In high school we used a strip of filter paper soaked in Potassium Sulfate solution, I believe. Worked fine for demonstartive purposes.
posted by cholly at 9:19 PM on April 22, 2007

I've seen it done with a brine-soaked paper towel, but filter paper and a buttload of salt, a la martinX's bellbottoms, would probably improve its success and survivability. But I've also bent flint glass tubing in a high school chem lab, with moderate success. (I learned the hard way that you have to move your tubing across the flame, because there are hot spots at the edges, or your 90° bend will come out as a double-45° instead.)

If you don't want to do it all yourself, offer your AP chem students a pittance of extra credit to come in after school and turn out a piece or two.

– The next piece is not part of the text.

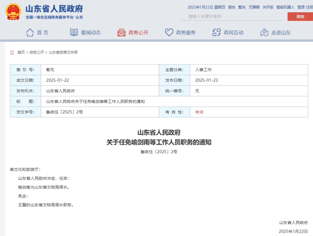 山东省人民政府决定,任命:喻剑南为山东省文物局局长。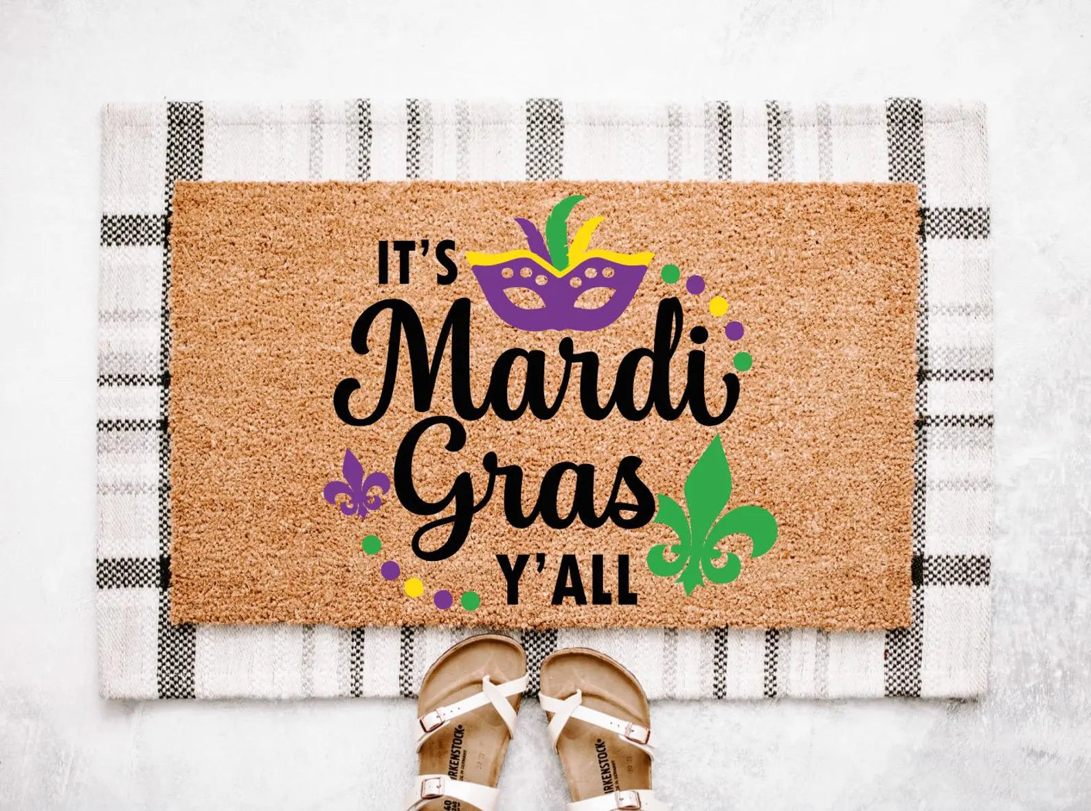 This Mardi Gras Doormat makes for a fun and festive addition to your home. This door mat is perfect for your housewarming gift or a great way to add some Mardi Gras decor!

That's putting the school back in old-school.
posted by eritain at 9:31 PM on April 22, 2007

Heh. We used to make eye droppers and u-tubes in my middle school chem class... so much glassware got broken over the year (it's -middle school-..) that they just started buying glass tubing of various sizes in bulk every time the supplier offered a sale, and we had at least one "lab" a year that was learning how to bend glass and make eyedroppers over a bunsen burner flame.
posted by SpecialK at 9:38 PM on April 22, 2007

Ditto on the diy glassware. It's not that hard once you get the hang of it, and lab glass is very thin-walled so a good bunsen will make short work of it. Plus it's a lot of fun.
posted by Skorgu at 5:48 AM on April 23, 2007

Fourthing making your own. It's surprisingly easy and something every chemist should know. You could even get the kids to make them, it's that easy.
posted by bonehead at 7:39 AM on April 23, 2007

The soaked paper works, but pulling your own tubes is fun and really dead simple. Make sure everyone knows that cold glass looks just like burn-your-flesh-off hot glass.
posted by Mr. Gunn at 7:47 AM on April 23, 2007

Response by poster: Thanks everyone. I think I'll try some would impress the kids and, at the very least, be an excuse to play with fire.